I don't consider it taboo. I really enjoy going to old cemetery's and shooting the old stones. There is a member here called Chiller that has taken cemetery imagery to an art form.


----------



## spiffybeth (Feb 11, 2008)

ive shot in cemeteries too. 

the first picture is tilted and the monument is bright. too bright for my eyes but that may be my monitor...

i think 4 is your most interesting picture. i find it pleasing that the trees are mostly all leaning to the right while the gravestone is leaning to the left. it gives me an odd sense of balance that i really enjoy.


----------



## logan9967 (Feb 11, 2008)

i hope you were trying to make the pictures tilted for two reasons. 1.) they are all tilted. and 2.) i really like them tilted  adds a cool and unusual style 
and i have taken some in a cementary too :O i hope it's not disrespectful or anything


----------



## Just_Brian81 (Feb 11, 2008)

spiffybeth said:


> ...the first picture is tilted and the monument is bright. too bright for my eyes but that may be my monitor...
> quote]
> 
> My pictures seem to have a trend of being too bright with you.
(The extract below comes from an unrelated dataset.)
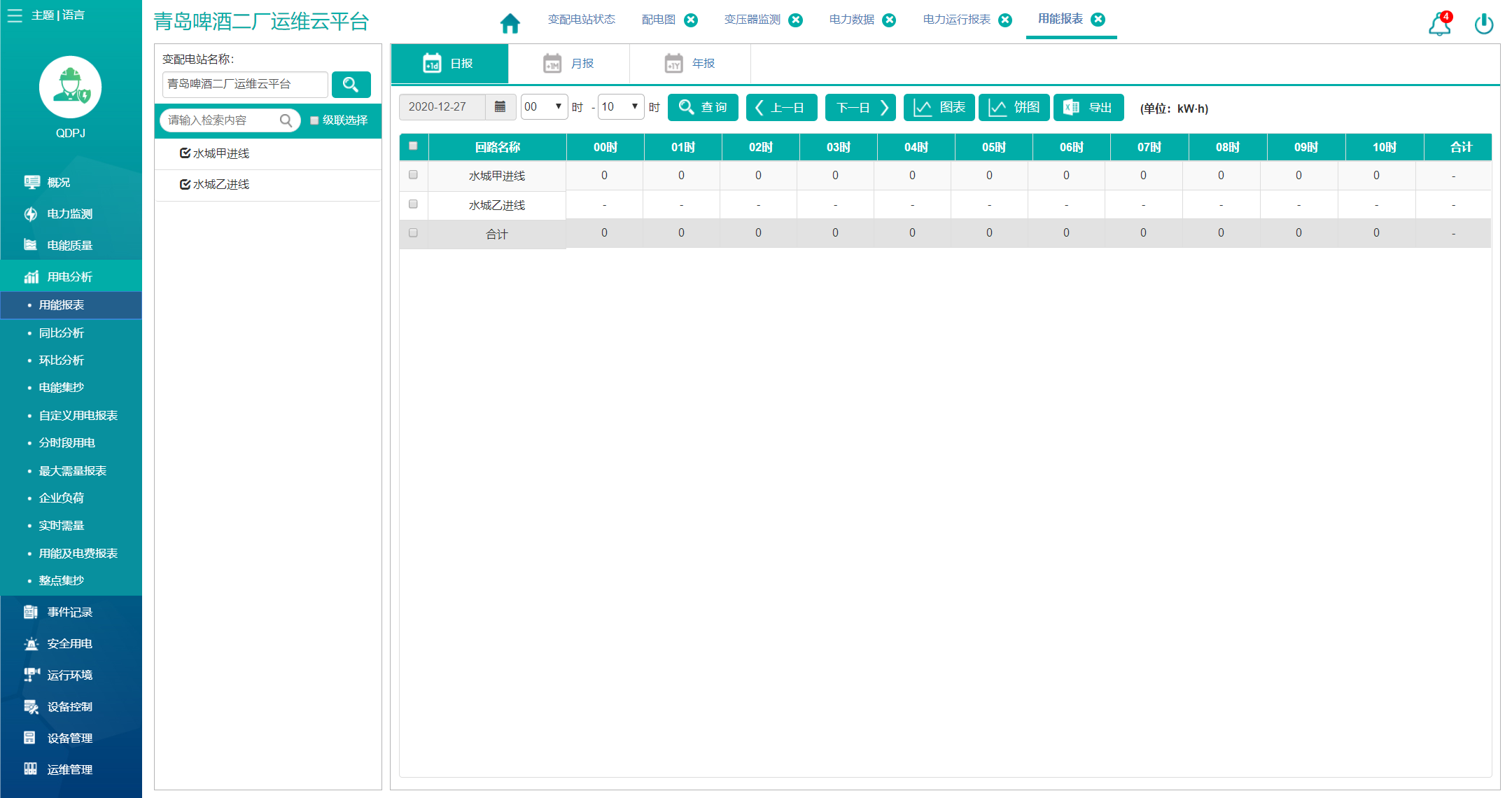 用電分析包括用能報表、同比分析、環比分析、電能集抄、計量及線路損耗。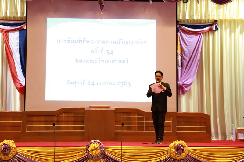 ศาสตราจารย์ ดร.ธรณินทร์ ไชยเรืองศรี คณบดีคณะวิทยาศาสตร์ และคุณวรานนท์ หล้าพระบาง นายกสมาคมศิษย์เก่าคณะวิทยาศาสตร์ กล่าวต้อนรับและแสดงความยินดีกับบัณฑิตใหม่ของคณะวิทยาศาสตร์ที่จะเข้ารับพระราชทานปริญญาบัตร ครั้งที่ 54 ของมหาวิทยาลัยเชียงใหม่ ในการฝึกซ้อมเข้ารับพระราชทานปริญญาบัตรของบัณฑิตคณะวิทยาศาสตร์ เมื่อวันที่ 24 มกราคม 2563 ณ หอประชุมมหาวิทยาลัยเชียงใหม่ โดยในปีนี้ คณะวิทยาศาสตร์มีผู้สำเร็จการศึกษาทั้งดุษฎีบัณฑิต มหาบัณฑิต และบัณฑิต มีสิทธิ์เข้ารับพระราชทานปริญญาบัตร จำนวน 633 คน

I think you told me that my airplane picture hurt your eyes also...
> ...


----------



## LaFoto (Feb 12, 2008)

Cemeteries are being considered a perfect area to do some practising ... at least this is so where I live. The older the cemetery, the better. So no taboo.

I can't help it but the gravestone in Photo 2 makes me think of a vodka bottle  "Lydia" vodka ... :blulsh2:

Exposure looks like it wasn't easy in the light you had, maybe go at a later hour with less harsh light?


----------



## SteveEllis (Feb 12, 2008)

I think number 1 is over exposed.

Whether you chopped No2 by accident or not I really like the way the stone enters the frame.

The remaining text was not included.